What is a Bankruptcy?
Introduction to Bankruptcy
The United States Code has established a procedure that enables debtors to manage debt by seeking relief in the federal court system. The Federal Bankruptcy Act contemplates several different ways to manage this debt and in some cases to pay some or all of your creditors. Because the federal statutes and procedures change with each new Congress, this discussion is intended only to serve as a source of background information leaving it to each Plan Member to consult with a Bankruptcy specialist in the event bankruptcy seems to be an option.
For consumers there are at least two different statutory bodies of law by which to obtain relief from one’s creditors: Chapter 7 Bankruptcy and Chapter 13 Bankruptcy.
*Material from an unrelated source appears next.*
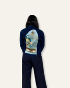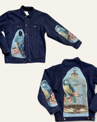 Upcycled Black Denim Jacket with Embellishments and Bird Cutouts

These are named for the Sections in which they appear in the Federal Bankruptcy Act. [There is also a Chapter 11 procedural scheme that allows businesses to reorganize.]
Chapter 7 is the traditional means of declaring bankruptcy, and enables one to clear one’s debt, with some exceptions, and to begin one’s financial slate anew. Chapter 13 is the alternative that is often encouraged by attorneys and judges and provides that one can obtain relief from their debts, but not to wipe the slate completely clean. Chapter 13 is designed to help creditors obtain something from the obligations owed, although nowhere near 100 percent.